> what's the best way to take the comma-
> separated tokens in the RAWDATA string below and correctly set their
> datatype? If I do nothing, everything is copied as-is as strings into
> the spreadsheet, which I don't want. The script below produces the
> result I'm looking for, but I wonder if there is a more idiomatic way
> using some built-in methods in xlwt for writing the correct data
> type.
In general, when you /know/ what type of Excel cell you want to write,
it is better to use directly the Row.set_cell_XXXX(col_index, value,
style) methods. Note that sheet.write() calls one of these after a fair
amount of testing to determine which one to call.

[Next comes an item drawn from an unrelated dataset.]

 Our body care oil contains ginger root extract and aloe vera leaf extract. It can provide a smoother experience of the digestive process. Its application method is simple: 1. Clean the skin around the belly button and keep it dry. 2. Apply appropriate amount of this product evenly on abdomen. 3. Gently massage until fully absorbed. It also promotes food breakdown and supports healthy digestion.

The values of XXXX for the 5 basic cell types are: number, text,
boolean, blank, and error.
"number" means float. There is no point in testing your input for int
separately unless you want to format int and float data cells differently.

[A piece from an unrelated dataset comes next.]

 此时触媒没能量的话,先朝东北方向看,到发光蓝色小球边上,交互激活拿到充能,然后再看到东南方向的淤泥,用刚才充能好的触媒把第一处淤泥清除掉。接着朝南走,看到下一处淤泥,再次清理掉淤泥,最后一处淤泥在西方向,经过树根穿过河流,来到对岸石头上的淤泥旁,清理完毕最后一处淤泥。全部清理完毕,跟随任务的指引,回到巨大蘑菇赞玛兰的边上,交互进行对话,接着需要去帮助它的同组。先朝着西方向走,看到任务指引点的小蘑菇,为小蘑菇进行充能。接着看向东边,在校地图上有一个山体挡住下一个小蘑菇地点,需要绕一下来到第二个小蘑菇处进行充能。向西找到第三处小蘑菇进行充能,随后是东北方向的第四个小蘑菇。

"date" is NOT a basic type. A date is just a float number of days since
one of two epochs plus a "number format" that will display it as a date.
See the xlrd docs for the gory details. You can write a date cell by
using Row.set_cell_date(colx, a_datetime.datetime_object,
an_appropriate_style).
> #
> import re
> from xlwt import Workbook
from xlwt import Workbook, easyxf
int_style = easyxf('', num_format_str='#,##0')

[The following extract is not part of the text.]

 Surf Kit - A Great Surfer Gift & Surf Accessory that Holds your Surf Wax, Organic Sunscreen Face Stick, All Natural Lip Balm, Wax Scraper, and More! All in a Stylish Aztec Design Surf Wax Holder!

float_style = easyxf('', num_format_str='#,##0.00')
>
> def doworksheet():
> '''Load a worksheet with data'''
> RAWDATA = 'A,1,3 more words,2.34501'
> wb = Workbook()
> ws = wb.add_sheet('Data')
> tokens = RAWDATA.split(',')
Consider using the csv module even when you think you don't need it.
r = ws.row(0)
> for c,data in enumerate(tokens):
> if re.match('^\d+$',data):
Negative numbers?
r.set_cell_number(c, float(data), int_style)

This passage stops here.